▶ [INFORMATION PROVIDED]:
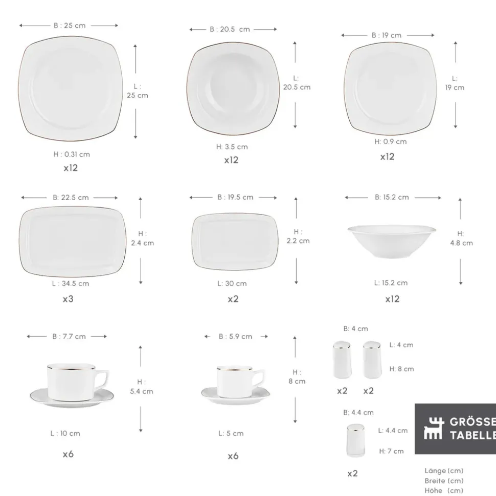Karaca Timeless Gold Square Geschirr-Set für 12 Personen, 84-teilig
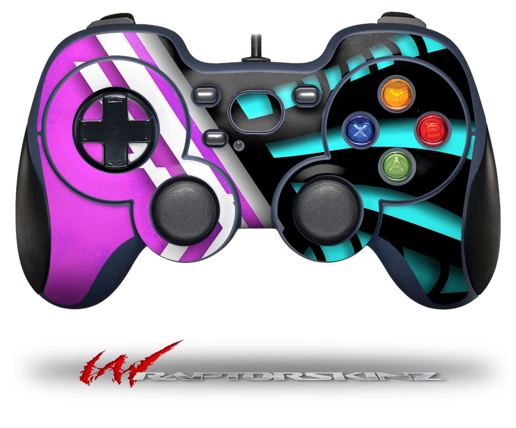 Black Waves Neon Teal Hot Pink - Decal Style Skin fits Logitech F310 Gamepad Controller (CONTROLLER SOLD SEPARATELY)
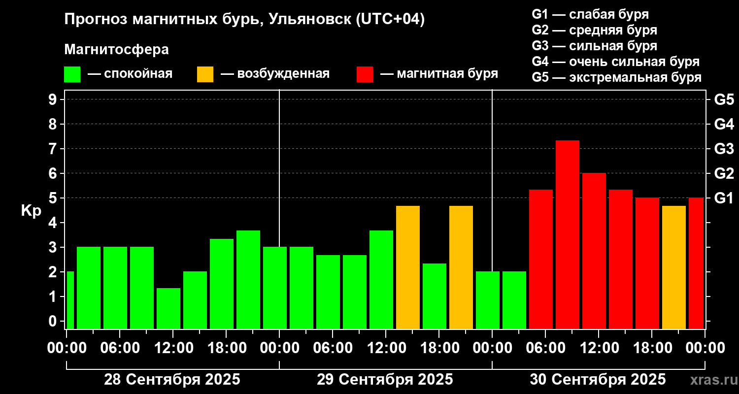 Прогноз магнитных бурь в Ульяновске — 28 сентября 2025 года
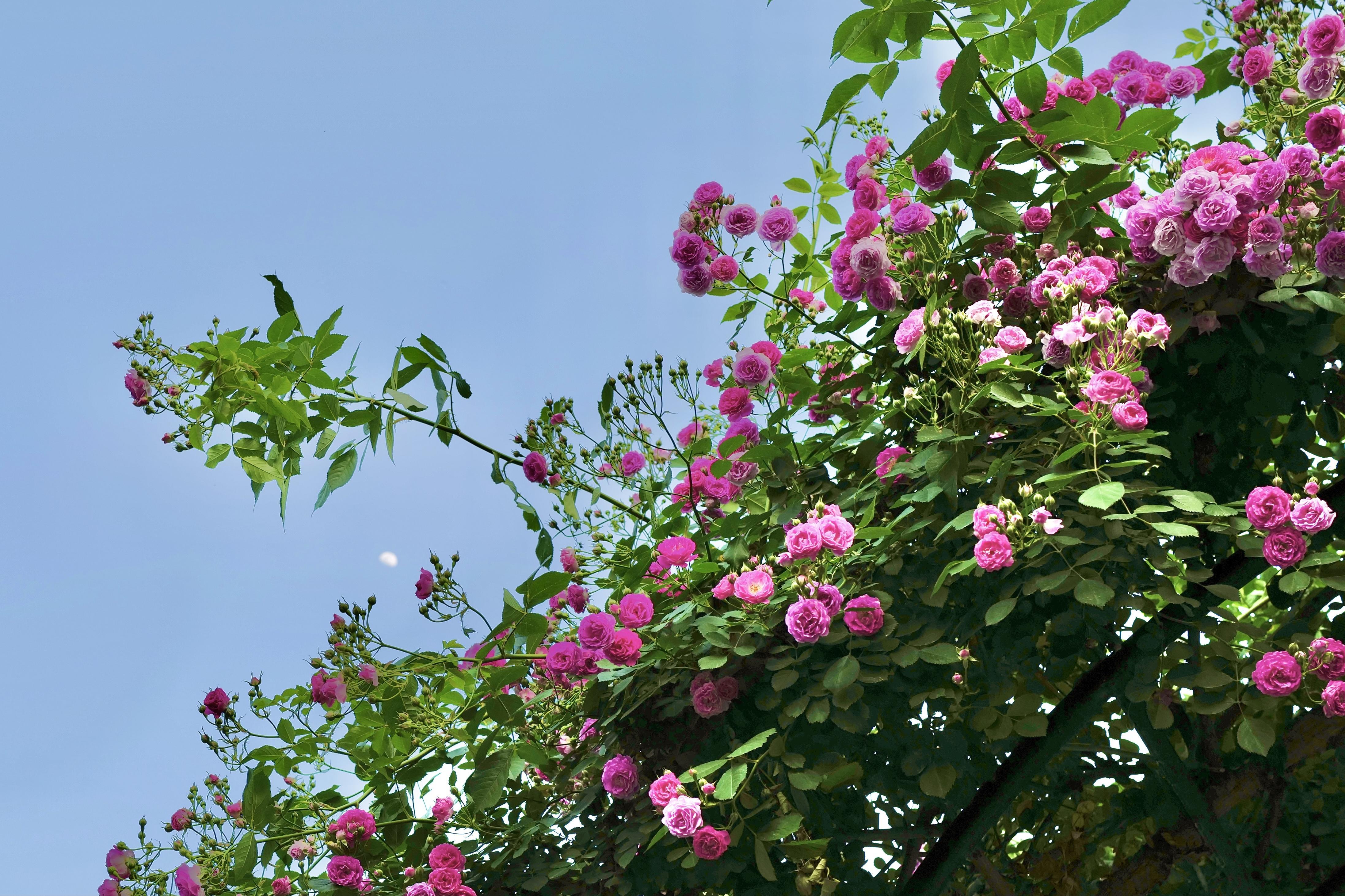 太阳还没有完全下山,月亮的半道影子已经渐渐悬浮在天边。映在蔷薇花海的边缘,显得梦幻不真实。
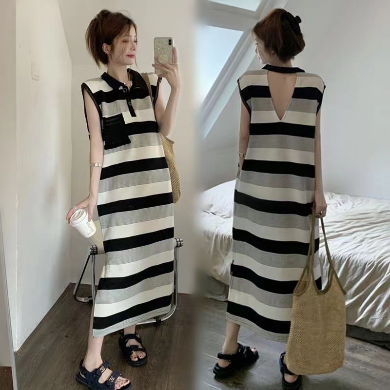 レディース ロングワンピース 夏 ボーダーワンピース ノースリーブワンピース ノースリーブワンピ ノースリワンピース バックオープン 大人ワンピース 背中開き サイドスリット 襟付き 可愛い ゆったり
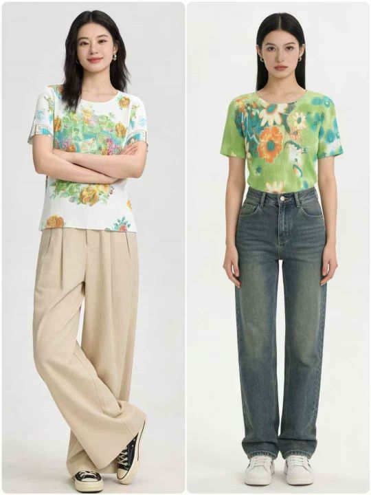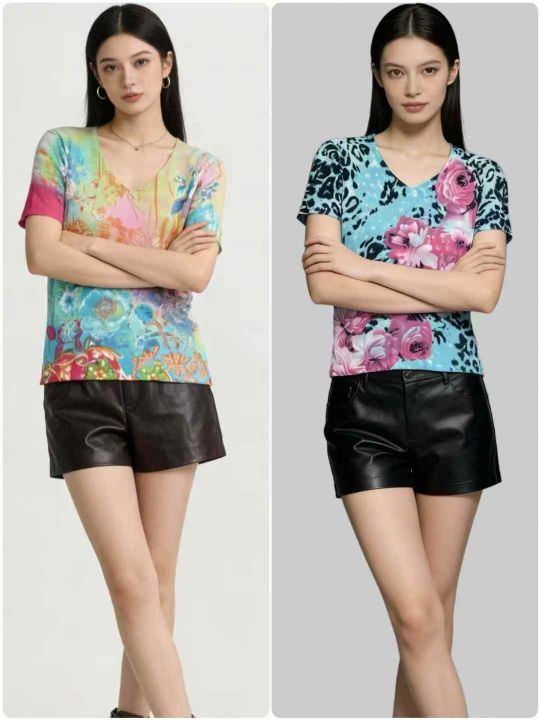 全清:6.8时尚洋气V领/圆领印花针织短袖上衣,小整花...
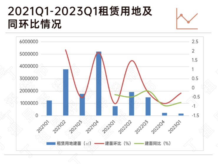 整个一季度,全国租赁相关用地成交同比下降了78.73%,在2022年四季度减少租赁相关用地供应的基础上,今年一季度进一步下滑,环比下降28.31%。租赁相关用地的供应成交开始呈现明显的下降趋势。
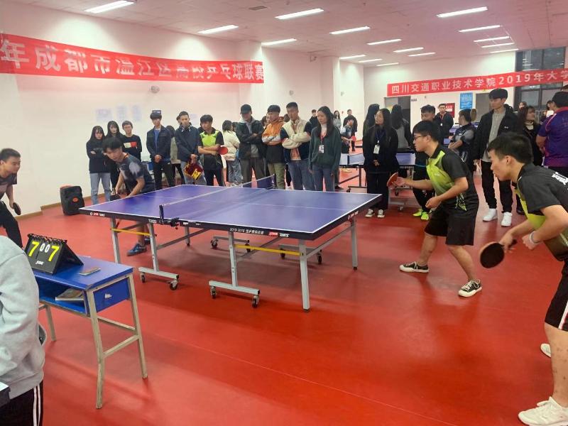 11月19日,四川交职院2019年大学生乒乓球比赛在弘毅馆收官。来自全院10个系,共80名运动员和30余名裁判员、工作人员参加了本次比赛。 比赛以系为单位进行团体赛,分两个阶段进行,10个系抽签进入A、B两组打循环...

▶ [ASSIGNED TASK]: Would you print the listing above in full, exactly, but with no pictures?

▶ [WRITTEN ANSWER]:
Karaca Timeless Gold Square Geschirr-Set für 12 Personen, 84-teilig
 Black Waves Neon Teal Hot Pink - Decal Style Skin fits Logitech F310 Gamepad Controller (CONTROLLER SOLD SEPARATELY)
 Прогноз магнитных бурь в Ульяновске — 28 сентября 2025 года
 太阳还没有完全下山,月亮的半道影子已经渐渐悬浮在天边。映在蔷薇花海的边缘,显得梦幻不真实。
 レディース ロングワンピース 夏 ボーダーワンピース ノースリーブワンピース ノースリーブワンピ ノースリワンピース バックオープン 大人ワンピース 背中開き サイドスリット 襟付き 可愛い ゆったり
 全清:6.8时尚洋气V领/圆领印花针织短袖上衣,小整花...
 整个一季度,全国租赁相关用地成交同比下降了78.73%,在2022年四季度减少租赁相关用地供应的基础上,今年一季度进一步下滑,环比下降28.31%。租赁相关用地的供应成交开始呈现明显的下降趋势。
 11月19日,四川交职院2019年大学生乒乓球比赛在弘毅馆收官。来自全院10个系,共80名运动员和30余名裁判员、工作人员参加了本次比赛。 比赛以系为单位进行团体赛,分两个阶段进行,10个系抽签进入A、B两组打循环...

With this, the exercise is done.